I was also looking at the Rodriguez formula, and it seems the difference in arguments translates to nontrivial change of these terms as well.
This is why I'm looking for a thorough and detailed proof of the orthogonality of the radial part, assuming $\ell=\ell'$ from the spherical harmonics, which i was unable to find just by Googling or through our lecture notes.
 A: You do have a nontrivial point in that the orthogonality relation for the Laguerre polynomials as they appear in the hydrogenic eigenfunctions,
$$
\int_0^\infty L_{n-\ell-1}^{(2\ell+1)}(2r/n)L_{n'-\ell-1}^{(2\ell+1)}(2r/n') e^{-\frac{n+n'}{nn'}r} r^{2\ell+2} \mathrm dr = 0 \qquad \text{for }n\neq n',
$$
is structurally very different to the standard orthogonality relation,
$$
\int_0^\infty L_{n}^{(2\ell+1)}(r)L_{n'}^{(2\ell+1)}(r) e^{-r} r^{2\ell+1} \mathrm dr = 0 \qquad \text{for }n\neq n',
$$
as provided in e.g. Wikipedia or the DLMF.

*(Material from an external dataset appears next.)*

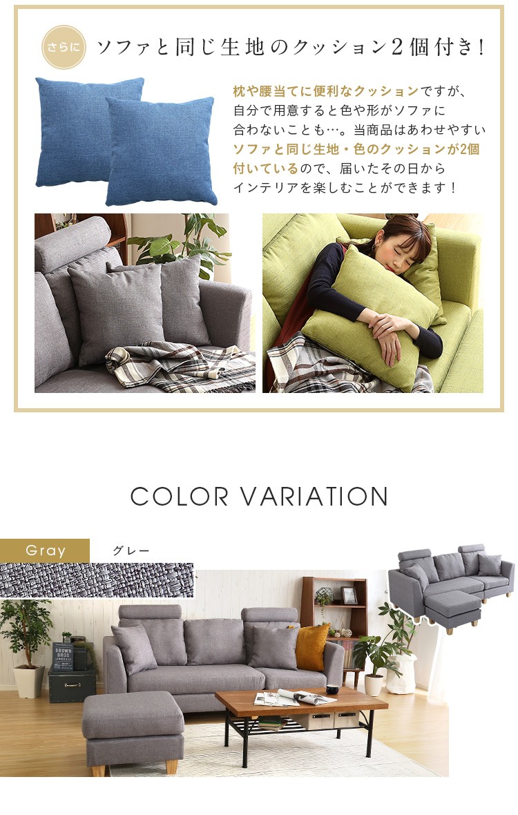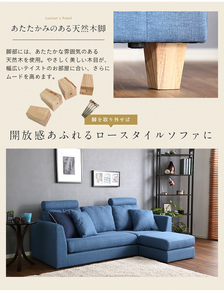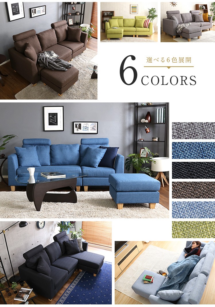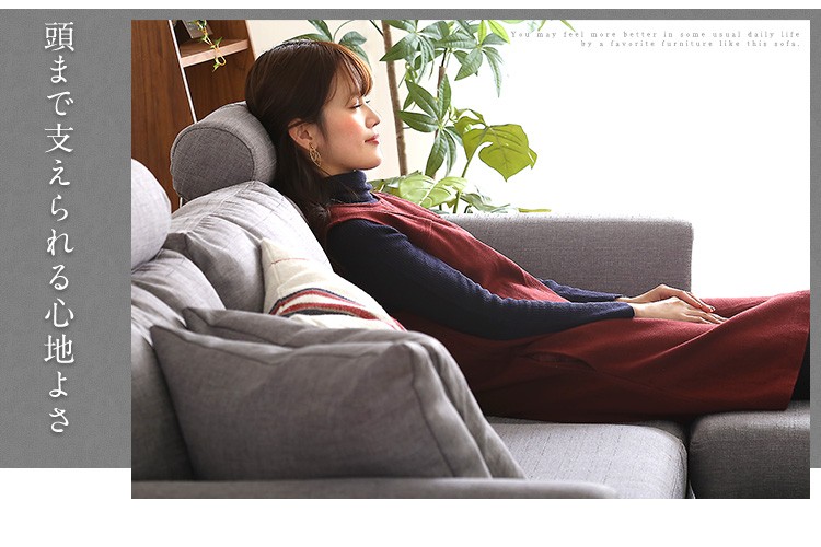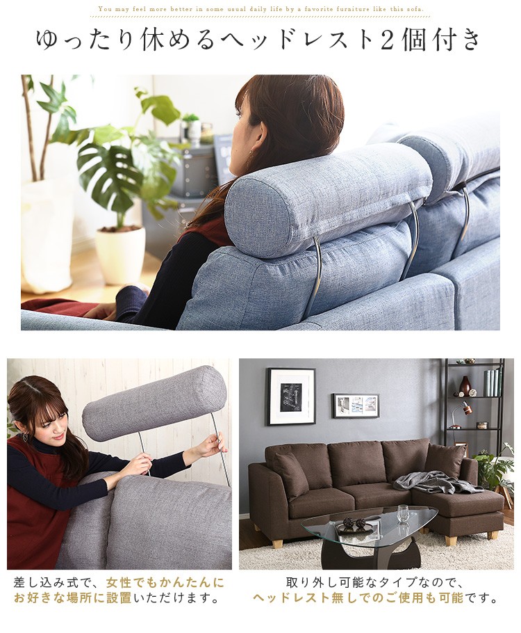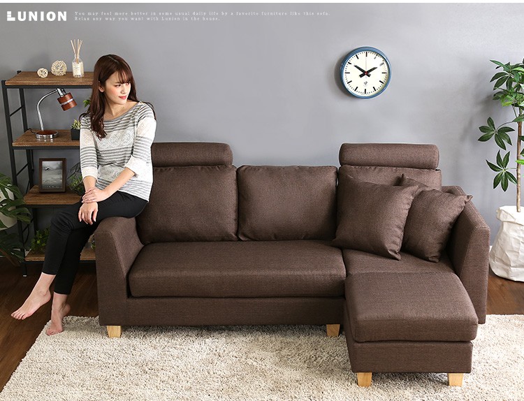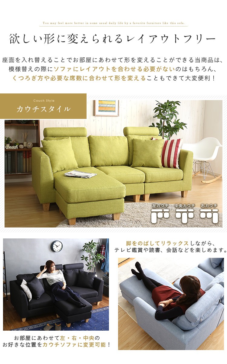 3人掛けカウチソファ(布地)6色展開 ヘッドレスト、クッション各2個付き|Lunion-ラニオン-

As pointed out in the comments, the orthogonality of hydrogenic wavefunctions follows directly from the general Sturm-Liouville theory (they're eigenfunctions of a hermitian Sturm-Liouville operator with different eigenvalues and that's all you should need) so that an elementary proof of the altered orthogonality relation seems a bit of a waste of time.
However, that obviously hasn't stopped other people from looking for it - one suitable example appears to be

A Laguerre Polynomial Orthogonality and the Hydrogen Atom. Charles F. Dunkl. arXiv:math-ph/0011021.

A: It can be shown that the operator $H=\Delta + \frac{1}{r}$ is essentially self-adjoint on a domain containing the eigenfunctions $\psi_{nlm}$. This means in particular that it is symmetric for any $\psi_{nlm}$ and $\psi_{n'lm}$. From this, the normality of the different eigenspaces follows as usual, like for any symmetric or self-adjoint operator.
The arguments involved are a bit tedious but for the most part just use basic Hilbert space techniques. See for example chapter 9 of Brian C. Hall's quantum mechanics book, especially sections 9.8 and 9.9.